* _To do_:
When you reproduce the data, keep every word exactly as it stands and leave the pictures out.

** Opening Records for the exercise block **

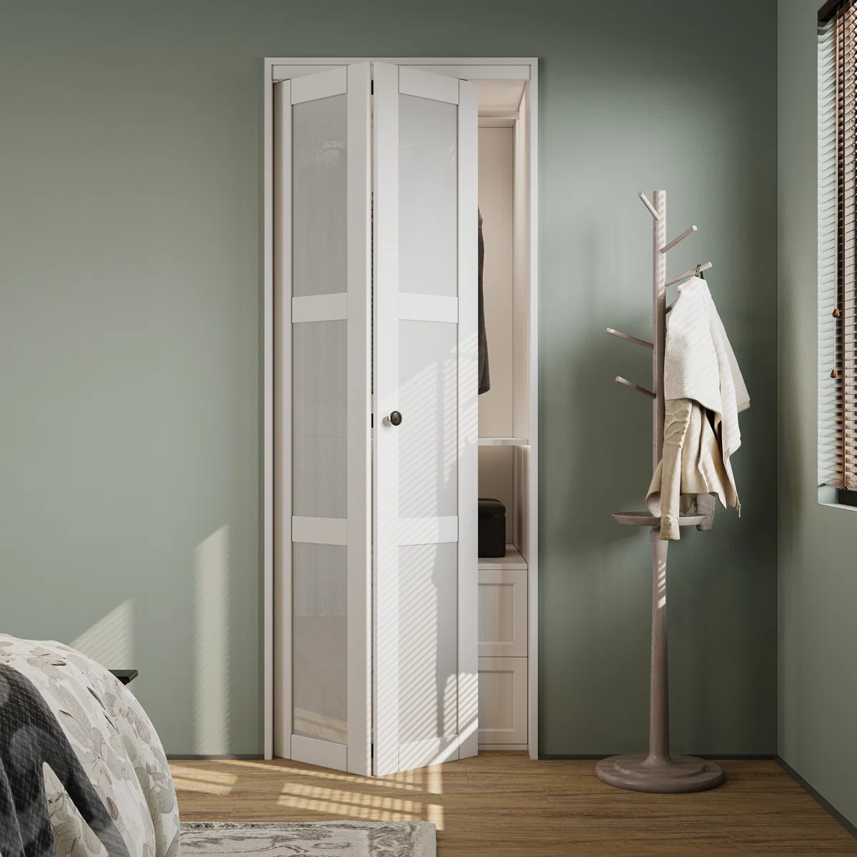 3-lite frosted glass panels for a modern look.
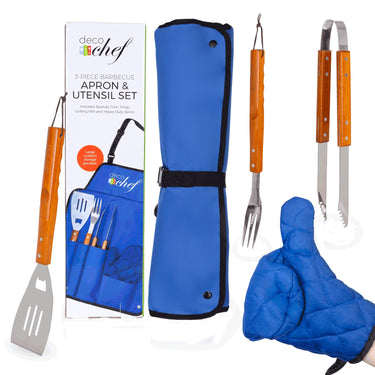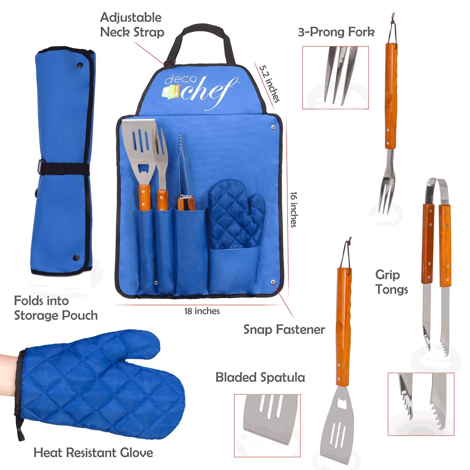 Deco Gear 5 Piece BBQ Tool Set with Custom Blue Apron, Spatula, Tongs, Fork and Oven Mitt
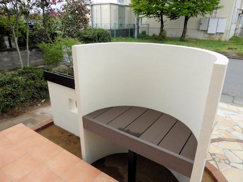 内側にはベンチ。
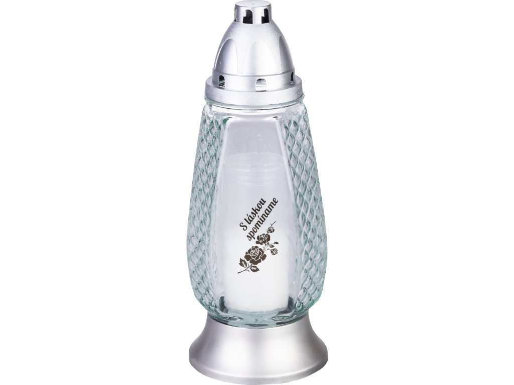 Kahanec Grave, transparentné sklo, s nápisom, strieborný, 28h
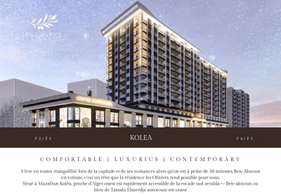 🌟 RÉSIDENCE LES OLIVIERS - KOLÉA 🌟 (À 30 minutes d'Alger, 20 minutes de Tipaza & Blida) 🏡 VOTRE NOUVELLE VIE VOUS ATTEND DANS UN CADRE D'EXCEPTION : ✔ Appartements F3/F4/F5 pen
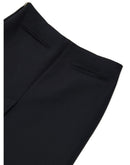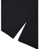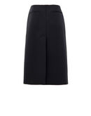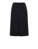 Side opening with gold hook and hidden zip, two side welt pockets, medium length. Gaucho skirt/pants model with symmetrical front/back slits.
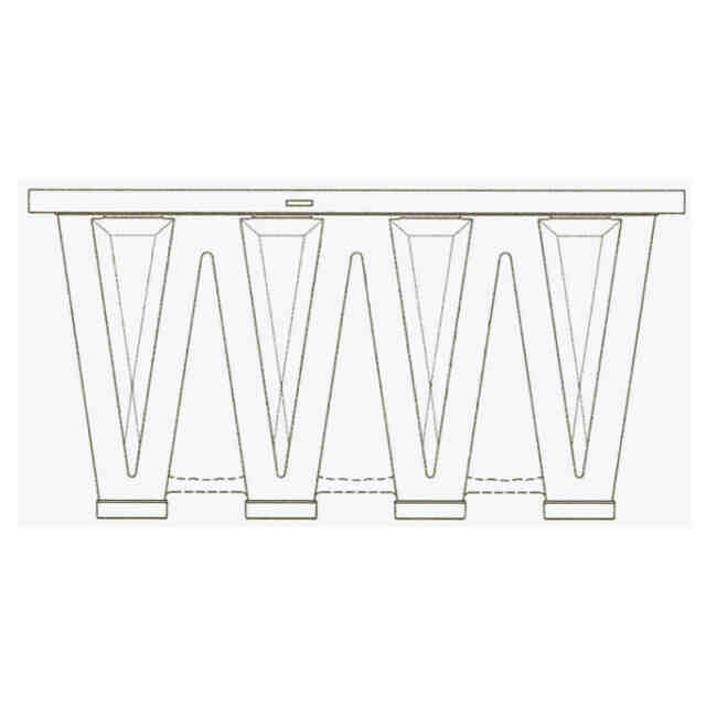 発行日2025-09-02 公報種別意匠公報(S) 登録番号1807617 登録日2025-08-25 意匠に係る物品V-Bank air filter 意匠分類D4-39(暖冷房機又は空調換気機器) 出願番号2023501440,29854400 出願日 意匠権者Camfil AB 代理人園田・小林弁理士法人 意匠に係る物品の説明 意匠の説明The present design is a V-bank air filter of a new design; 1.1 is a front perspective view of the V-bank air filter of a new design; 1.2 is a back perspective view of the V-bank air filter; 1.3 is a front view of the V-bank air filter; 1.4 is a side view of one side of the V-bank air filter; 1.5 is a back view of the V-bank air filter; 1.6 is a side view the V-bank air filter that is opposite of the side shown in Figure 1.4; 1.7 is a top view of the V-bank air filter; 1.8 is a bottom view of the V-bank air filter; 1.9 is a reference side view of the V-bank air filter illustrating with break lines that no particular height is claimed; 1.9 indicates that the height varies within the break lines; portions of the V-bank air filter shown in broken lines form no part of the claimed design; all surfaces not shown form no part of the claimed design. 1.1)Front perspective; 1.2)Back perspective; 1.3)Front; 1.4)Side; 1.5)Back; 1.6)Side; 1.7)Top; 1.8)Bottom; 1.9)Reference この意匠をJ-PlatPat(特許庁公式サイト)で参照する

** Closing Records for the exercise block **

* _Reply_:
 3-lite frosted glass panels for a modern look.
 Deco Gear 5 Piece BBQ Tool Set with Custom Blue Apron, Spatula, Tongs, Fork and Oven Mitt
 内側にはベンチ。
 Kahanec Grave, transparentné sklo, s nápisom, strieborný, 28h
 🌟 RÉSIDENCE LES OLIVIERS - KOLÉA 🌟 (À 30 minutes d'Alger, 20 minutes de Tipaza & Blida) 🏡 VOTRE NOUVELLE VIE VOUS ATTEND DANS UN CADRE D'EXCEPTION : ✔ Appartements F3/F4/F5 pen
 Side opening with gold hook and hidden zip, two side welt pockets, medium length. Gaucho skirt/pants model with symmetrical front/back slits.
 発行日2025-09-02 公報種別意匠公報(S) 登録番号1807617 登録日2025-08-25 意匠に係る物品V-Bank air filter 意匠分類D4-39(暖冷房機又は空調換気機器) 出願番号2023501440,29854400 出願日 意匠権者Camfil AB 代理人園田・小林弁理士法人 意匠に係る物品の説明 意匠の説明The present design is a V-bank air filter of a new design; 1.1 is a front perspective view of the V-bank air filter of a new design; 1.2 is a back perspective view of the V-bank air filter; 1.3 is a front view of the V-bank air filter; 1.4 is a side view of one side of the V-bank air filter; 1.5 is a back view of the V-bank air filter; 1.6 is a side view the V-bank air filter that is opposite of the side shown in Figure 1.4; 1.7 is a top view of the V-bank air filter; 1.8 is a bottom view of the V-bank air filter; 1.9 is a reference side view of the V-bank air filter illustrating with break lines that no particular height is claimed; 1.9 indicates that the height varies within the break lines; portions of the V-bank air filter shown in broken lines form no part of the claimed design; all surfaces not shown form no part of the claimed design. 1.1)Front perspective; 1.2)Back perspective; 1.3)Front; 1.4)Side; 1.5)Back; 1.6)Side; 1.7)Top; 1.8)Bottom; 1.9)Reference この意匠をJ-PlatPat(特許庁公式サイト)で参照する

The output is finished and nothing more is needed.